The Challenges of Reskilling Work Forces -- Part 2

Episode Summary

During an age of mass economic disruption and customer reorientation, innovative leaders will wrestle not only with the challenges of reskilling existing work forces, but also must filter every initiative through politics, social chaos, and industry axioms if they are to add clarity to the Innovation Predicament.

Episode Notes

As we think about the demands for reskilling of work forces, it is overshadowed by the movement of the Doomsday Clock now at 100 seconds—the closest time to midnight ever “posted” regarding the likely extinction of humankind.  Why do I bring this up?  It is about scaring the hell out of you, or as management consultants like to charge you for, “creating the burning platform?” Should reskilling even be a concern against the backdrop of huge climate challenges and caustic politics?  With rising sea levels and temperatures, global famine, and unchecked populations, it would seem the time is nigh for anything except macro issues—and reskilling work forces is not consistently in the top 10.

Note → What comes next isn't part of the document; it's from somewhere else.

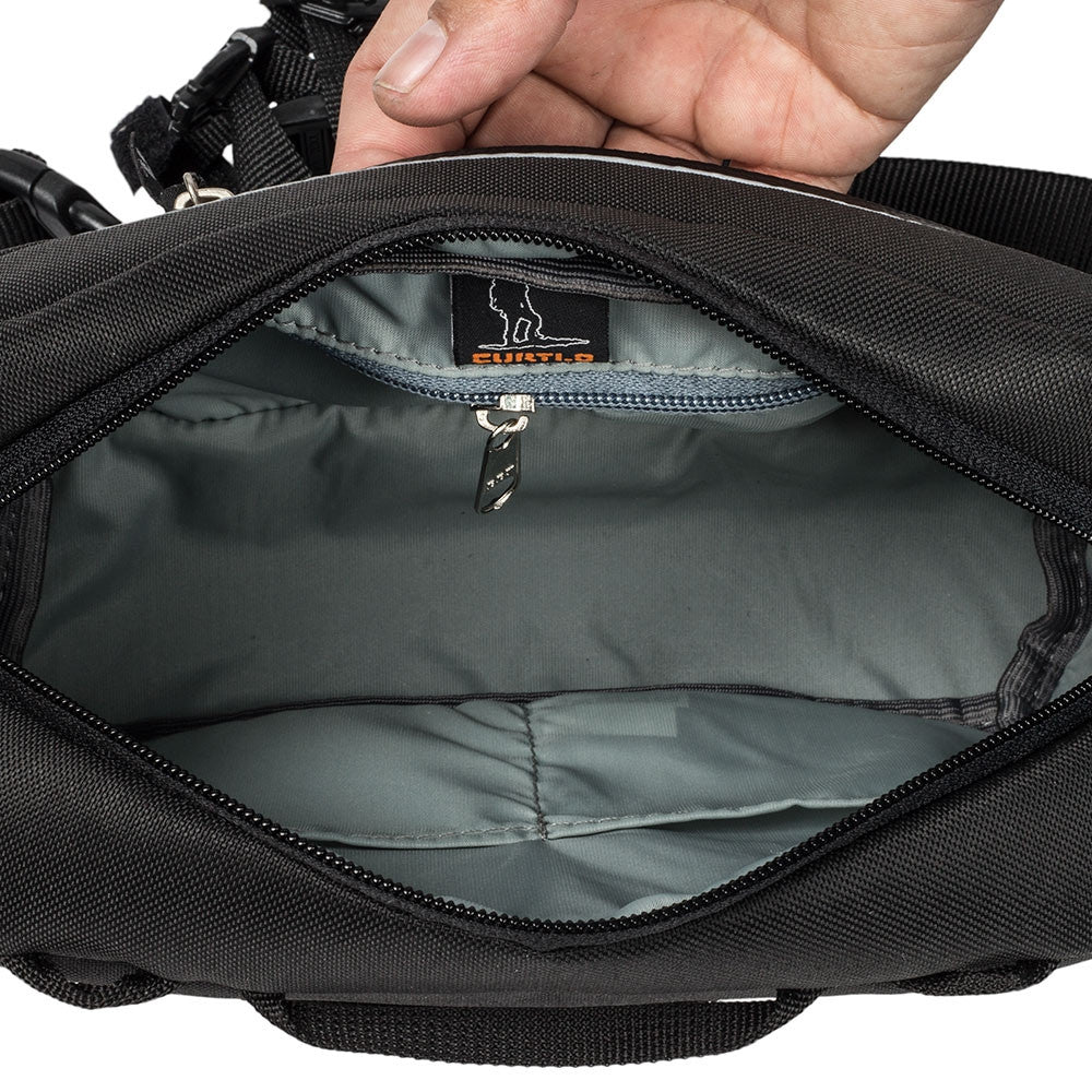 A Pochete Curtlo Escaper é a escolha ideal para quem precisa carregar o essencial com máximo conforto. Fabricada em Velox 250D (Nylon Ripstop), ela é extremamente resistente a rasgos e repelente à água. Seu design conta com um compartimento principal acolchoado e um bolso frontal elástico de fácil acesso.
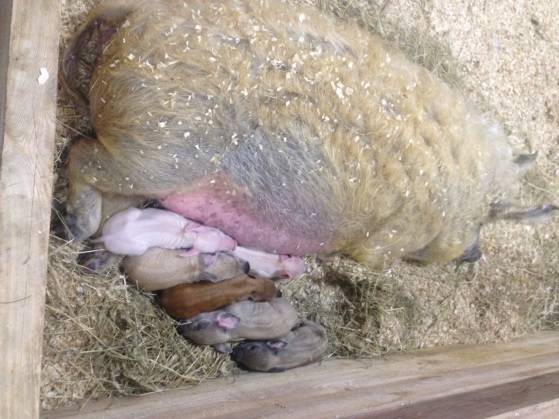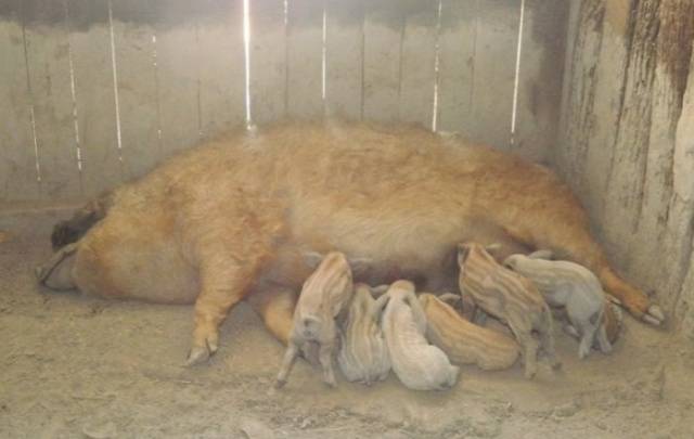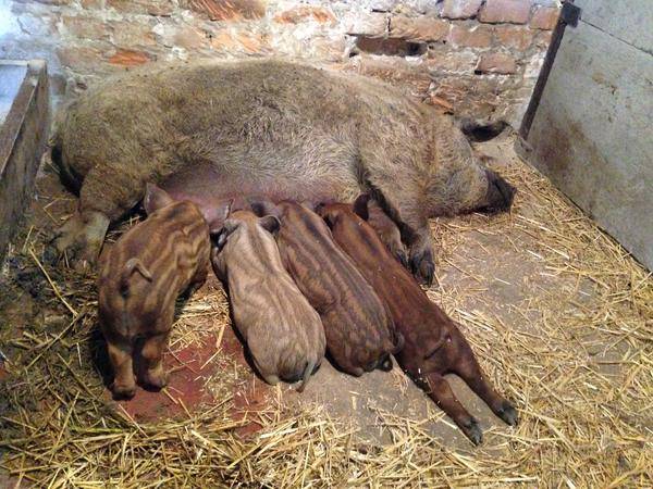 Piglets are born very quickly and immediately go to the teats. In the descriptions of the breed, piglets of the Hungarian mangalitsa are advised to cut the umbilical cords and disinfect the cut with iodine to avoid umbilical infection.

However, unlike those “learned” individuals who contemplate the end of humans, I find myself increasingly contemplating the fate of unprepared humans—those who lack the skills and capabilities to survive the expansion of the Fourth Industrial Revolution (4IR), or what some have coined “Industry 4.0”.  We have an Innovation Predicament (report released February 2020) created by the rapid adoption of hyper accelerated innovation without understanding fully the ramifications and believing that all innovation is benevolent.  

An intensifying challenge for reskilling of existing worker involves caustic local and national politics.  Individuals are bringing their polarized beliefs and values to work with them resulting in management challenges previously not seen since the Vietnam War.  As divisions grow progressively vemonistic across factories, offices, and universities, so do the challenges of adapting to growing digital demands by existing workers who do not have the required competencies.  These political animosities spill over into delivery supply chains (e.g., partners, outsourcers) making it more difficult and expensive to serve the customer and recognize corporate profitability. 

To reinforce these occurrences, from a recent poll (see Society for Human Resource Management), 59% of workers state that politics have become more of an issue compared to four years prior.  Additionally, as the 2020 U.S. presidential elections draw closer, the dysfunctionality between working peers is anticipated to rise significantly as tensions come to the surface and divisive topics presented by candidates as “us versus them”.  The demands for reskilling due to innovational progression are extraordinary—but so are the limiting factors inhibiting enterprise efforts.